The Bjarke Ingels Group (BIG) has been selected as the lead architect for a $200-million-to-$250 million student center that’s expected to open on the Johns Hopkins University’s Homewood campus in Baltimore by the fall of 2024. Hopkins officials announced the design team and released preliminary renderings this week for the multi-level project, which will replace the Mattin Center, a three-building arts complex designed by Tod Williams Billie Tsien Architects.

Hopkins officials said that BIG had been selected over three other teams that competed for the commission and that the project represents an effort to give Hopkins a new kind of “non-academic gathering spot” that the campus doesn’t currently have. In its announcement on November 2 in the online publication The Hub, the school did not immediately name the other firms in its competition.

The project’s location at Charles and 33rd streets has been controversial because Hopkins intends to demolish a 19-year-old arts center from Williams and Tsien, the firm also designing the Obama Presidential Center in Chicago and other high-profile projects.

The Mattin Center will be the second major 2001 arts project from Williams and Tsien to be torn down, after the Museum of Modern Art razed the American Folk Art Museum in Manhattan in 2014 to make way for its most recent expansion. Williams and Tsien made a public plea for Hopkins to consult with them and incorporate their buildings into the new center, but that ultimately seems to not have happened. Tod Williams Billie Tsien Architects declined to comment on BIG’s selection.

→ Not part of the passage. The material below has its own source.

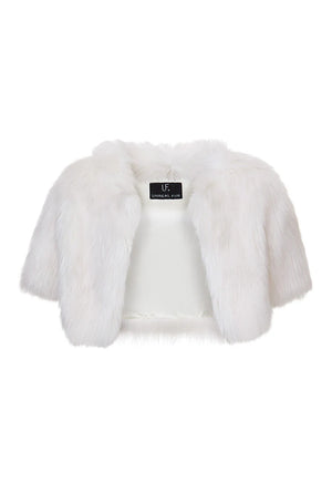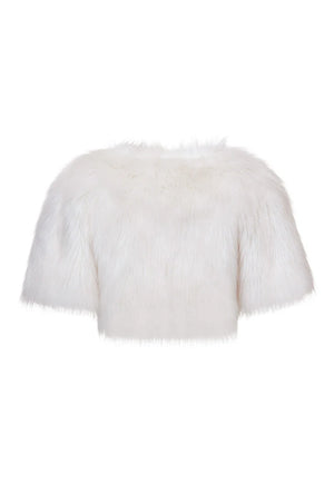 THE LOVE A FUR BOLERO FEATURES SHORT SLEEVES, A HIGH CROPPED SILHOUETTE, AND AN OPEN FRONT.

Hopkins doesn’t have a traditional student union the way many campuses do. Planners say they want this building, dubbed “the Village” by BIG in press materials, to be a “social engagement hub” for all members of the Hopkins community. According to Karen Lancaster, Hopkins’s assistant vice president for external relations, the project is expected to be almost entirely donor-funded and result in the creation of 2,000 construction jobs.

According to The Hub, the new student center will span approximately 150,000 square feet, including themed lounges; art and enrichment spaces; locations for student resources and support services; a performing space seating up to 200, and dining options.

Other members of the design team include Shepley Bulfinch as the architect of record and Rockwell Group acting as the interior designer. Michael Van Valkenburgh Associates will serve as the landscape architect.

Initial renderings indicate that BIG’s building will be very different from Mattin Center, a 50,000-square-foot complex situated on a hill slightly above Charles Street, the main road leading to campus.

Students in front of the Johns Hopkins campus
An exterior rendering of the entrance to the Village. (Courtesy BIG)

Instead of setting the building above street level, BIG has proposed cutting into the hill and create a building that has a main entrance at street level and opens up to Charles Street. Instead of a brick facade, the new building’s curtain wall will seemingly be mostly glass.

The building’s massing, seemingly a series of interlocking volumes cascading down the hill, will form a bridge from the main campus to the Charles Village neighborhood to the east. The flat roofs will have solar panels for energy efficiency, and their different heights and sizes will hint at the programming inside. A central plaza will provide a setting for exhibits, performances, and vendors, including food trucks.

The team of BIG, Shepley Bulfinch, and Rockwell Group is the latest of several prominent architects that Hopkins has hired for its major construction projects, all moving ahead during the pandemic.

Interior rendering of a square student center decked out in timber
Inside the Village, timber will play a prominent role (Courtesy BIG)

The university is currently working with the Renzo Piano Building Workshop and Ayers Saint Gross of Baltimore to design a home for its Stavros Niarchos Foundation Agora Institute in Baltimore, and has tapped Ennead Architects, SmithGroup and Rockwell Group to convert the former Newseum Building in Washington, D. C., to a center for its graduate programs there.